It was considered that the width of the thinner portion near the anchors was equal to two thirds of the width of the hot arm. A smaller dimension will be more favorable. However, very thin structures will be hard to fabricate, handle, and vulnerable to melting given the use of a large current density. Thus, the thinner portion was considered as 67% of the thickness of hot arm. First, the tip deflection as a function of length of the thinner part of the hot arm was considered and shown in Figure 17. The thinner portion of the flexure arm was considered as half the length of flexure arm due to its very small value.
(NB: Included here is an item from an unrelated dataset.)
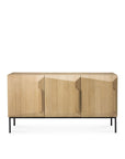 Solid European oak with a varnished finish for extra protection. Contract grade and suitable for high traffic use. Black metal base. 3 doors.

From the analysis, the optimal length of the thinner portion of hot arm (L1) was 1/3 of the length of hot arm (Lh).
The temperature distribution of this optimized design compared to the previous designs is shown in Figure 18a, while the tip deflections of these designs is reported in Figure 18b. The average temperature of the hot arm was increased from design A to D, while the average temperature of the colder arm was decreased from design A to D. Thus, the overall temperature difference became more evident in design D and consequently the thermal expansion difference between the two arms and the overall tip displacement of the free end was higher in case D. The same can also be noticed from Figure 18b. The overall tip displacement was increased by 34% with respect to the displacement of design B working under similar conditions.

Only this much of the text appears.